What does Santa Claus do the rest of the year?

Why does Santa Claus only give toys to good little boys and girls?

What behavior is so bad that Santa Claus won’t give a child a toy?

Step 2: Categorize the questions as closed or open-ended questions. This step includes a discussion of the types of information open and closed questions will draw out and an exercise to change questions from one type to the other. For the purposes of this exercise, the questions will be marked with “c” for closed and “o” for open, but not re-worded.

c/o    Who is Santa Claus?

c        Where did he come from?

c        Does he really climb down a chimney?

o/c     What does Santa Claus do the rest of the year?

o        Why does Santa Claus only give toys to good little boys and

           girls?

c/o    What behavior is so bad that Santa Claus won’t give a child a

           toy?

Step 3: Prioritize the questions.

1. Who is Santa Claus?

2. Where did he come from?

3. Why does Santa Claus only give toys to good little boys and girls?

4. What behavior is so bad that Santa Claus won’t give a child a toy?

5. What does Santa Claus do the rest of the year?

6. Does he really climb down a chimney?

Step 4: What are you going to do with the questions? What are the next steps?

Write a research paper about Santa Claus.

Before I read this book I thought that questions usually denote confusion.

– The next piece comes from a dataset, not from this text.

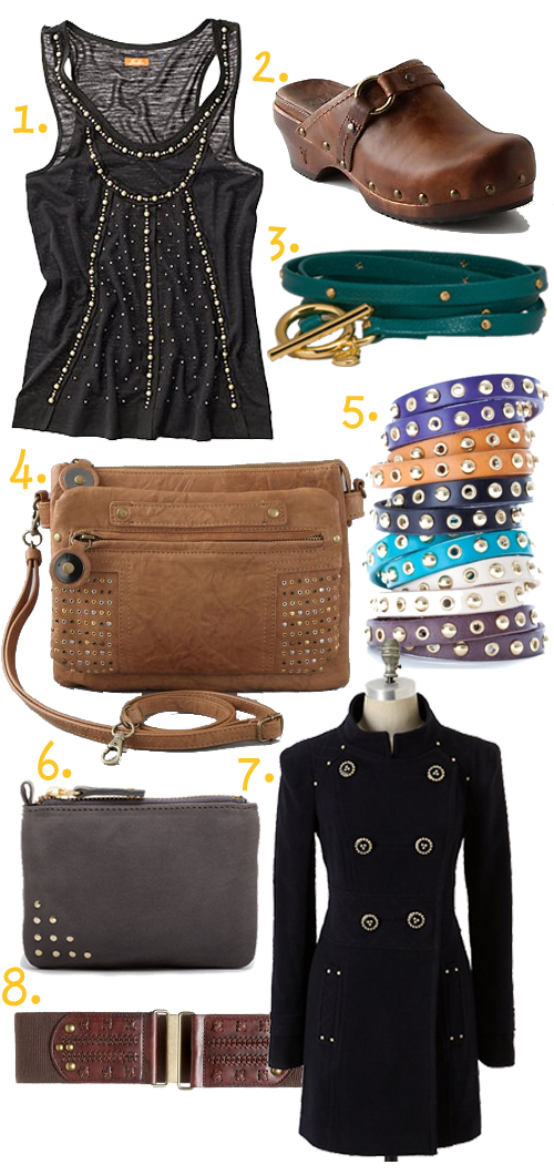 1. Madewell Studded ribbon-trim tank. 2. Anthropologie Cantabria Clogs. 3. Gorjana Graham Leather Studded Wrap. 4. Twelfth St. by Cynthia Vincent Emery Studded Cross Body Bag. 5. Linea Pelle Grommet and Studded Skinny Double Wrap Bracelet. 6. Gorjana Thompson Pouchette. 7. Anthropologie Iberia Coat. 8. Banana Republic Stretch Web and Studs Belt.

However, I realize now that working the steps of the QFT transforms confused thinking into focused thinking. I hope you can see how useful this technique would be not only for students, but for adults as well. For instance, suppose you were concerned about an issue like immigration, the national debt, the mortgage foreclosure crisis, or the state of education. These are complicated issues, overwhelming issues. Develop your own QFocus and work through the QFT. Use the resulting questions to focus your research and clarify your opinion.

The last chapter of the book is titled “Questions and Education, Questions and Democracy” in which Rothstein and Santana make a strong case that the ability to ask good questions leads to better informed citizens who are more likely to participate in the democratic process. How much more vibrant and effective would our government be if the voters asked questions and informed themselves instead of relying on the media and candidates’ sound bytes for information? Our constitution gives us the right to ask questions; the Question Formulation Technique developes our ability to ask questions.

So what do you want to know about? Santa Claus, climate change, vegetarianism, a facet of economic theory? Determine your Question Focus. Work the Question Formulation Technique and write some questions. Have fun finding the answers.